“据推算,宿主和涯性情差异太大,若以涯视角进行,宿主可能无法切身体悟情爱。”小天书道,“本书遍历诸多戏文,严凌枫乃最适合宿主的身份。”

        严凌风了然。通过之前早膳时的观察,严凌枫的性格的确跟自己很像。既如此,那便这样吧。

        “我疑惑已解。若无必要,勿再出现。”

        小天书顿时不再言语。

        岁月弹指过。严凌风当真如凡人一般起居、练剑、学习接手家族事务,真正成为严家少主。他将每一天都过得很仔细,拂风见花开,戏蝉聆雷雨,拾枫感秋凉,沐雪知冬霜。很多时候,严凌风都忘了自己含天门弟子的身份,那些记忆恍若前世。

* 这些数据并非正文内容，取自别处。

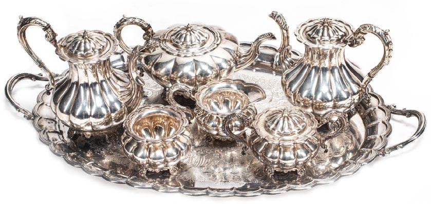 40. Assembled Elizabeth II Sterling Silver Seven Piece Coffee and Tea Service, Barker Brothers Silver, Ltd., Birmingham, 1952-1968, incl. 2 coffee pots (h. 8 7/8 in. and 8 1/2 in.), teapot, covered sugar, creamer, waste bowl and tray (30 1/8 in. x 19 in.), lobed forms with acanthus and husk handles, shell and leaf feet, tray with lobed rim, reeded loop handles and flat chased well, total wt. 304.75 troy ozs. [$4000/6000]

        “风……”听得一声轻唤,严凌风收式,归剑入鞘。

        他转过身来,便见城水悦正在廊下,手中端着一盘葡萄。

        “叫哥哥。”严凌风冷峻的面色一缓,上前从盘中捻了一颗葡萄吃。

        城水悦长大后,不知从何时起,就只喜欢单个字得唤自己。严凌风知道,他这是跟母亲和城姨学的。她们姐妹之间互相只称小字,亲密不已。城水悦没有其他兄弟姊妹,便想与表哥也称呼得如此亲密。只是这般称呼于严凌风而言,又太过亲密了一些,是以总是想纠正城水悦叫哥哥。

        “我就叫你风。你待怎么着?”城水悦已经摸清了严凌风外冷内热的性子,此时根本不怕,反而有些幸灾乐祸。